Your task:
From the line that contains "Cette invitation de fête d'anniversaire de pique-nique pour" to the last line of the data below, transcribe every line exactly. Do not include the pictures.

Recorded data:
↓↓↓
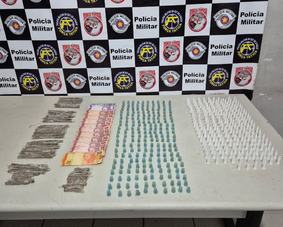 Ao todo, foram apreendidos 194 microtubos de cocaína, 220 porções de crack e 60 porções de maconha, totalizando mais de 750 gramas de drogas.
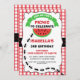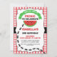 Cette invitation de fête d'anniversaire de pique-nique pour filles comprend une tranche de pastèque, une bannière verte à ruban, des fourmis, un cadre décoratif blanc et un motif en plaid rouge et blanc. Le design comprend également une ceinture noire. Je voulais créer une invitation à pique-niquer pour le magasin parce que je n'en ai pas actuellement. La même conception d'invitation avec la photo est disponible au magasin ainsi que des autocollants d'anniversaire. Cette invitation de fête d'anniversaire de pique-nique ou de pastèque est prête à être personnalisée.
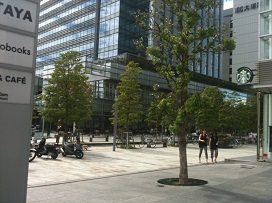 ② M.M.MID SQUAREの前を通過し、右手に見えるTSUTAYA・スターバックス正面の商業施設「M/M GRAND CENTRAL TERRACE」に入る。
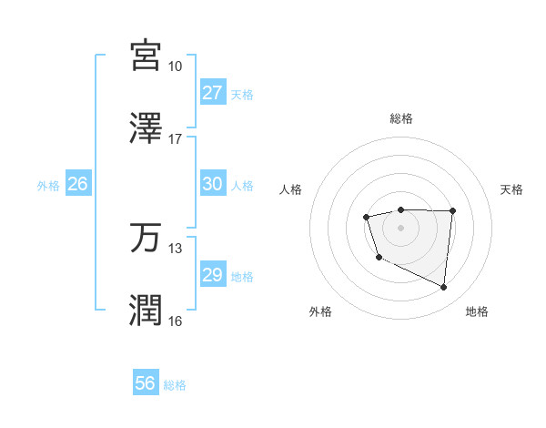 宮澤 万潤さんの総格は56画の1点!
↑↑↑
Expected answer:
 Cette invitation de fête d'anniversaire de pique-nique pour filles comprend une tranche de pastèque, une bannière verte à ruban, des fourmis, un cadre décoratif blanc et un motif en plaid rouge et blanc. Le design comprend également une ceinture noire. Je voulais créer une invitation à pique-niquer pour le magasin parce que je n'en ai pas actuellement. La même conception d'invitation avec la photo est disponible au magasin ainsi que des autocollants d'anniversaire. Cette invitation de fête d'anniversaire de pique-nique ou de pastèque est prête à être personnalisée.
 ② M.M.MID SQUAREの前を通過し、右手に見えるTSUTAYA・スターバックス正面の商業施設「M/M GRAND CENTRAL TERRACE」に入る。
 宮澤 万潤さんの総格は56画の1点!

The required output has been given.